Instructions for the task: Each line below must be reproduced exactly as it stands. Pictures stay out of the copy.
START Given material
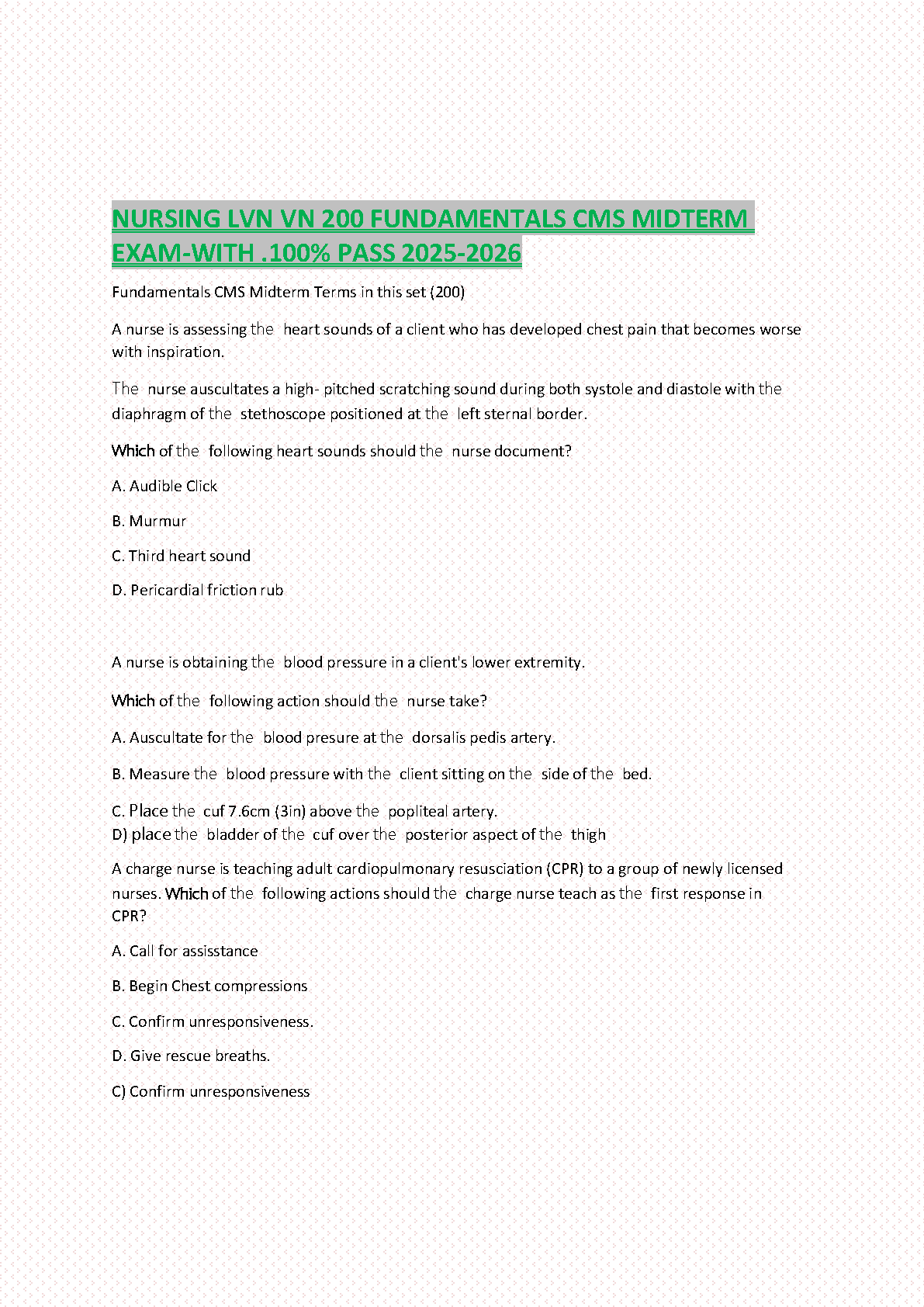 Excel in your nursing studies with the latest 2025-2026 Test Bank for the Nursing LVN VN 200 Fundamentals CMS Midterm Exam. This premium study resource is expertly crafted to help you pass on your first try, eliminating the need for costly and stressful resits. Inside, you'll find a comprehensive set of 200 practice questions that cover all key concepts from your fundamentals course, such as patient assessment, heart sounds, blood pressure measurement, and CPR protocols. Each question is designed to reflect the real exam, ensuring you are fully prepared and confident. Download now to ace your midterm and build a strong foundation for your nursing career.
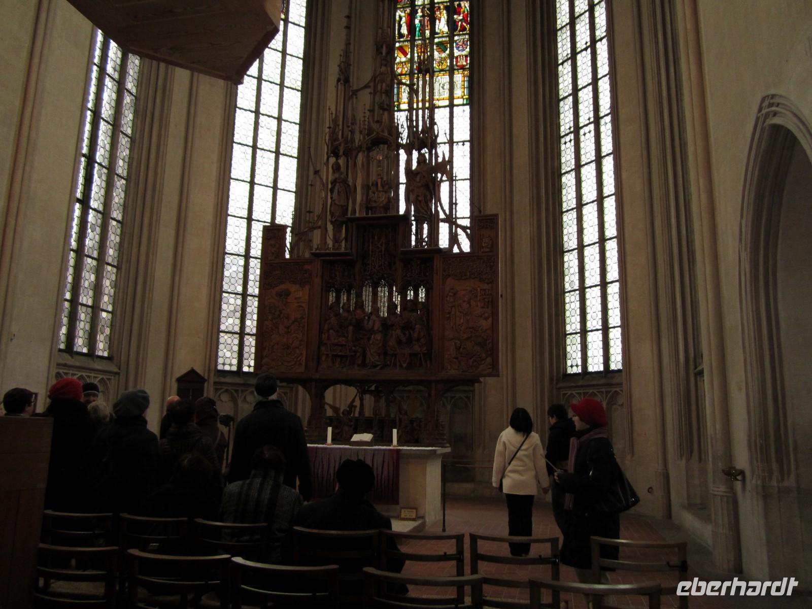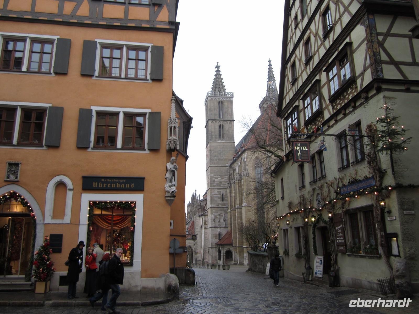 Das Jahr 2011 geht zu Ende. Unsere Fahrt führt uns heute zu einem Höhepunkt der Reise nach Rothenburg ob der Tauber. „Dem „deutschen Jerusalem des Mittelalters“ Die Stadtpfarrkirche St. Jakob mit seinem Heilig-Blut-Altar von Riemenschneider, ist Herzstück der Stadt. Unser Stadtrundgang führt uns vom Markt mit dem Rathaus zum St.Jacob weiter zum Spital, dem Gymnasium zur Burg mit herrlichem Blick in das Taubertal.
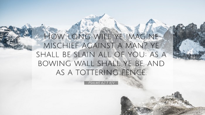 Psalms 62:3 states, “How long will you assay a man? Ye shall be slain, all of you: as a bowing wall shall ye be, and as a tottering fence.” This verse is a poignant reflection of the psalmist's feelings of vulnerability and the attempts of others to undermine him. Let us delve into an intricate summary of this verse with insights drawn from several public domain commentaries.
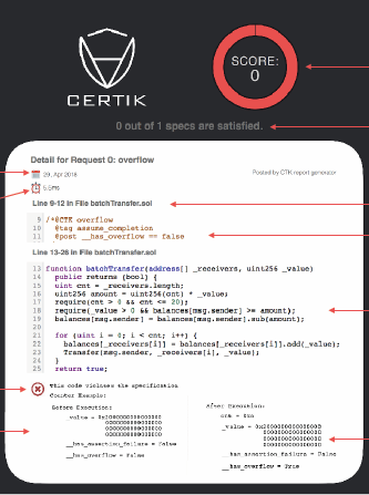 Preuves vérifiables : CertiK génère des tests à partir des spécifications (étiquettes). N’importe qui sera en mesure de faire tourner ces tests sur son ordinateur, et ainsi de vérifier que le smart contract est vérifié. Ces tests décentralisés servent de certificats pour les programmes ainsi validés.
END Given material
Solution to this exercise:
 Excel in your nursing studies with the latest 2025-2026 Test Bank for the Nursing LVN VN 200 Fundamentals CMS Midterm Exam. This premium study resource is expertly crafted to help you pass on your first try, eliminating the need for costly and stressful resits. Inside, you'll find a comprehensive set of 200 practice questions that cover all key concepts from your fundamentals course, such as patient assessment, heart sounds, blood pressure measurement, and CPR protocols. Each question is designed to reflect the real exam, ensuring you are fully prepared and confident. Download now to ace your midterm and build a strong foundation for your nursing career.
 Das Jahr 2011 geht zu Ende. Unsere Fahrt führt uns heute zu einem Höhepunkt der Reise nach Rothenburg ob der Tauber. „Dem „deutschen Jerusalem des Mittelalters“ Die Stadtpfarrkirche St. Jakob mit seinem Heilig-Blut-Altar von Riemenschneider, ist Herzstück der Stadt. Unser Stadtrundgang führt uns vom Markt mit dem Rathaus zum St.Jacob weiter zum Spital, dem Gymnasium zur Burg mit herrlichem Blick in das Taubertal.
 Psalms 62:3 states, “How long will you assay a man? Ye shall be slain, all of you: as a bowing wall shall ye be, and as a tottering fence.” This verse is a poignant reflection of the psalmist's feelings of vulnerability and the attempts of others to undermine him. Let us delve into an intricate summary of this verse with insights drawn from several public domain commentaries.
 Preuves vérifiables : CertiK génère des tests à partir des spécifications (étiquettes). N’importe qui sera en mesure de faire tourner ces tests sur son ordinateur, et ainsi de vérifier que le smart contract est vérifié. Ces tests décentralisés servent de certificats pour les programmes ainsi validés.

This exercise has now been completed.